When a cousin introduced Darnell to his “friend” who could supply her, for a price, with oxycodone she was aghast, yet relieved. She found herself calling in sick to work frequently in order to use pain medication, which led to her being fired for her frequent absences. Money became scarce so when her supplier “ran short” of oxycodone it did not take much to convince Darnell to try “just a little” heroin, which proved less expensive and better able to help her feel “more normal” than the prescription medication which had stopped having a positive effect despite doses that left her unable to work or function. Moodiness and depression became her normal and family and friends dropped or have severely limited contact with her, and members of her close family are discussing “an intervention” to try to bring Darnell out of the lifestyle she has wandered into.
Consideration – Incarceration alone does not cure misusing opioids.
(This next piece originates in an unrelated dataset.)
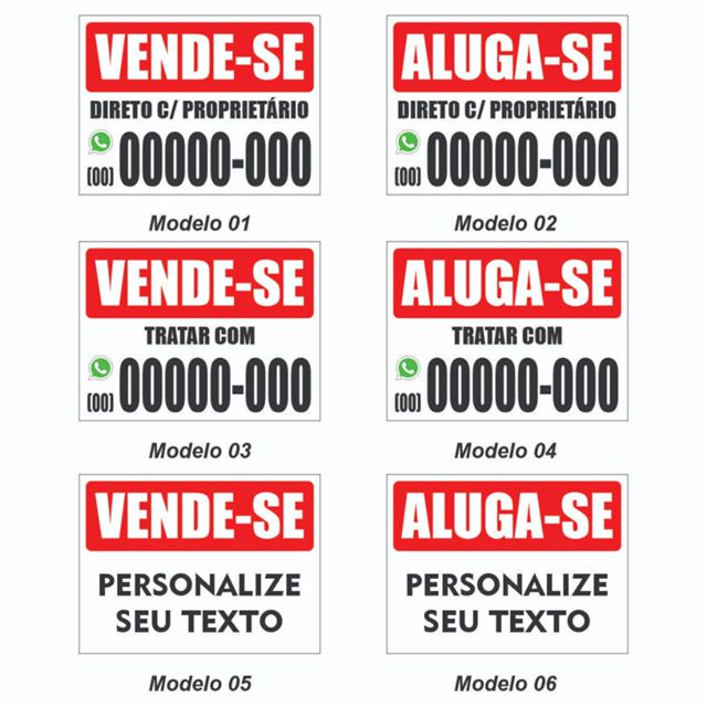 Placa Vende-se ou Aluga-se Personalizavel - Imóvel Terreno Casa Apartamento Produtos - Proprietário

The Nixon era “War on Drugs,” continued by every presidential administration since, has taught us many things about substance abuse and addiction. First of all, it showed us that wars on drugs don’t work.20 Secondly, that deprivation or abstinence alone from a drug of choice, including opioids, does not reduce returning to that substance when it again becomes available. This has proved a deadly problem as the time away from opioids generally reduces the built-up tolerance a person’s metabolism has. That means with former inmates, who on release tend to return to using their previous dosage, the overdose rates run nearly 130 times higher than the general population.21
Costs of The War on Drugs3,20,21
The war on drugs has been being waged since 1971. Some of its costs include;
- More than $1 trillion spent
- Millions of people arrested and imprisoned
- Over half of those currently in federal prison are incarcerated on drug-related charges
- Increases in prescription drug costs
- Increases in illegal, illicit drug use
Caging opioid users whose offenses are centered on nonviolent opioid use as in past eras, needs revisited. New tactics need to be discussed to tame the lion of opioid overuse, and to bring the crisis back from its current record highs.